+++ Dataset records

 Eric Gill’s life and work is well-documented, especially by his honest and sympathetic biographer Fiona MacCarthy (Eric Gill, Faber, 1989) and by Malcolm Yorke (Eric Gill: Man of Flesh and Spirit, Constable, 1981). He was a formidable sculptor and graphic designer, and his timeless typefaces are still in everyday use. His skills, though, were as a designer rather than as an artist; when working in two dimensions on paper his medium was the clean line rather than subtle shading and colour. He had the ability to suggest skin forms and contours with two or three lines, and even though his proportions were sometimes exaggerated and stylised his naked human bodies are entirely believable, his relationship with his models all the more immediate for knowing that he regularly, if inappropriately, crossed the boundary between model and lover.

++++++
+++ Dataset records

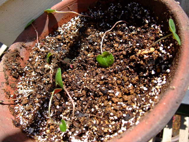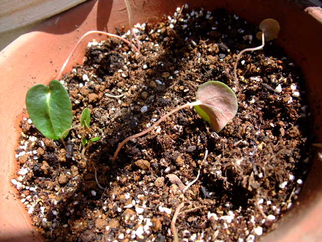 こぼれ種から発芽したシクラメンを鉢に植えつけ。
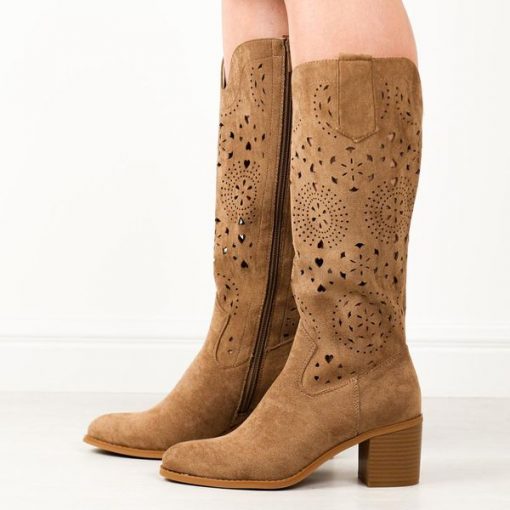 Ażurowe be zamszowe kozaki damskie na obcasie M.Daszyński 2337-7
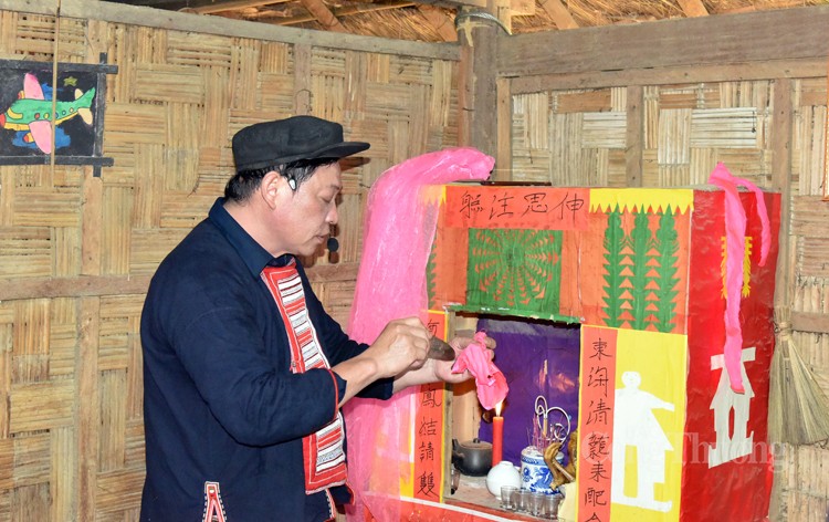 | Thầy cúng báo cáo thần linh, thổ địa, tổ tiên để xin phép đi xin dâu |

++++++

Exercise details → Set down again, word for word, every line from the one with "こぼれ種から発芽したシクラメンを鉢に植えつけ。" to the one with "đi xin dâu |" in the entries above, and omit the pictures.

Answer to this problem →
 こぼれ種から発芽したシクラメンを鉢に植えつけ。
 Ażurowe be zamszowe kozaki damskie na obcasie M.Daszyński 2337-7
 | Thầy cúng báo cáo thần linh, thổ địa, tổ tiên để xin phép đi xin dâu |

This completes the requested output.